_What you will do:_ Reproduce the data below in full and exclude every picture.

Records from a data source
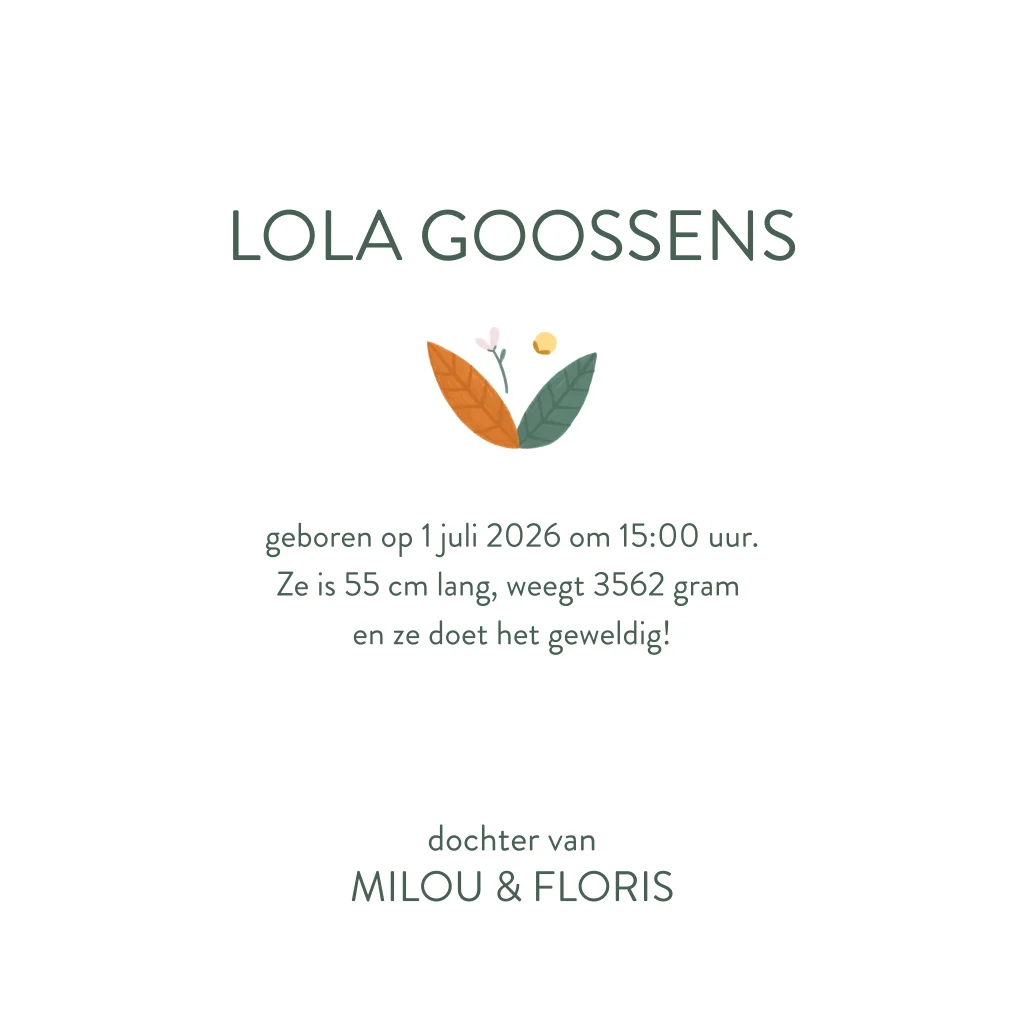 Dit lieve geboortekaartje is het perfecte kaartje voor de geboorte van uw kind. De bloemenkrans zorgt voor een lieve uitstraling, net zoals de schommel met daarop het wiegje.
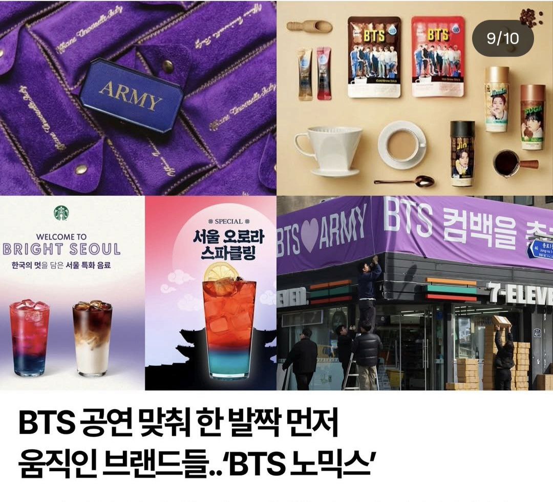 BTS의 강력한 팬덤과 컴백/공연 효과를 활용한 유통 및 식품 브랜드들의 적극적인 마케팅 및 협업이 활발히 진행 중이며, 이는 관련 기업들의 매출 증대에 기여할 것으로 예상됨.
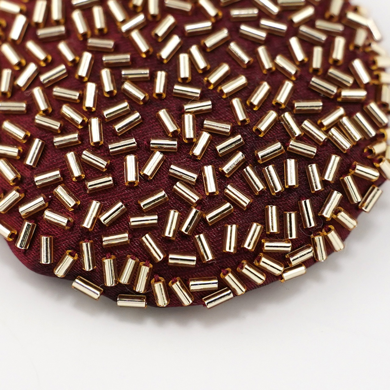 細かなビーズをたくさん使用していますがとても軽く、裏から接着剤で留めてあるため取れにくくなっています。
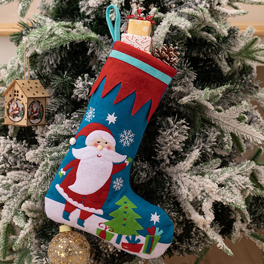 Это милое рождественское украшение для чулок. Его материал удобен, долговечен и приятен для кожи. Рождественский чулок прочный и долговечный, его можно использовать повторно. Классический дизайн рождественских элементов делает его идеальным для рождественских украшений.
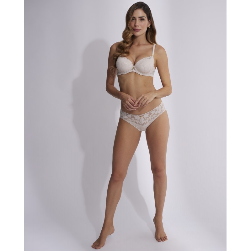 Braga bikini con delicados detalles de encaje. Esta prenda es una promesa de momentos especiales, un toque de misterio y seducción que transforma el poder de la feminidad en su forma más refinada y cautivadora.
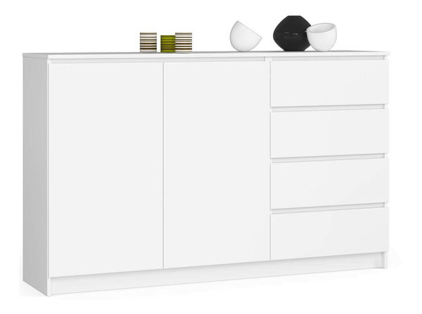 Nadčasová bílá barva komody Kaida se hodí do každého stylu interiéru. Bílá komoda se vyznačuje 4 pohodlně otevíratelnými zásuvkami a 2 velkými policemi. Do komody uložíte všechny potřebné věci a budete je mít vždy na dosah ruky. Skvěle se bude vyjímat v předsíni, obývacím pokoji, hotelovém pokoji nebo moderní kanceláři. Jedná se o univerzální nábytek, který svým uživatelům nabízí řadu výhod. Proto se je do interiéru vyplatí vyjmout. Komoda je vyrobena z kvalitní 16 mm laminované desky odolné vůči oděru. Čela zásuvek jsou vyrobena z laminované desky. Zásuvky se pohybují na kovových válečkových vodítkách. Hrany jsou kryty ABS lemováním a zajišťují tak vysokou ochranu proti poškození. Uvnitř dvířek se nachází jedna police.
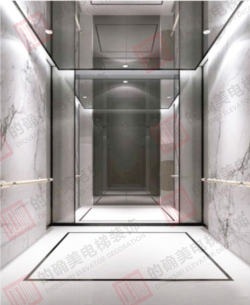 侧壁:中心板大理石纹饰面;辅助板黑钛喷砂不锈钢。

_Answer space:_
 Dit lieve geboortekaartje is het perfecte kaartje voor de geboorte van uw kind. De bloemenkrans zorgt voor een lieve uitstraling, net zoals de schommel met daarop het wiegje.
 BTS의 강력한 팬덤과 컴백/공연 효과를 활용한 유통 및 식품 브랜드들의 적극적인 마케팅 및 협업이 활발히 진행 중이며, 이는 관련 기업들의 매출 증대에 기여할 것으로 예상됨.
 細かなビーズをたくさん使用していますがとても軽く、裏から接着剤で留めてあるため取れにくくなっています。
 Это милое рождественское украшение для чулок. Его материал удобен, долговечен и приятен для кожи. Рождественский чулок прочный и долговечный, его можно использовать повторно. Классический дизайн рождественских элементов делает его идеальным для рождественских украшений.
 Braga bikini con delicados detalles de encaje. Esta prenda es una promesa de momentos especiales, un toque de misterio y seducción que transforma el poder de la feminidad en su forma más refinada y cautivadora.
 Nadčasová bílá barva komody Kaida se hodí do každého stylu interiéru. Bílá komoda se vyznačuje 4 pohodlně otevíratelnými zásuvkami a 2 velkými policemi. Do komody uložíte všechny potřebné věci a budete je mít vždy na dosah ruky. Skvěle se bude vyjímat v předsíni, obývacím pokoji, hotelovém pokoji nebo moderní kanceláři. Jedná se o univerzální nábytek, který svým uživatelům nabízí řadu výhod. Proto se je do interiéru vyplatí vyjmout. Komoda je vyrobena z kvalitní 16 mm laminované desky odolné vůči oděru. Čela zásuvek jsou vyrobena z laminované desky. Zásuvky se pohybují na kovových válečkových vodítkách. Hrany jsou kryty ABS lemováním a zajišťují tak vysokou ochranu proti poškození. Uvnitř dvířek se nachází jedna police.
 侧壁:中心板大理石纹饰面;辅助板黑钛喷砂不锈钢。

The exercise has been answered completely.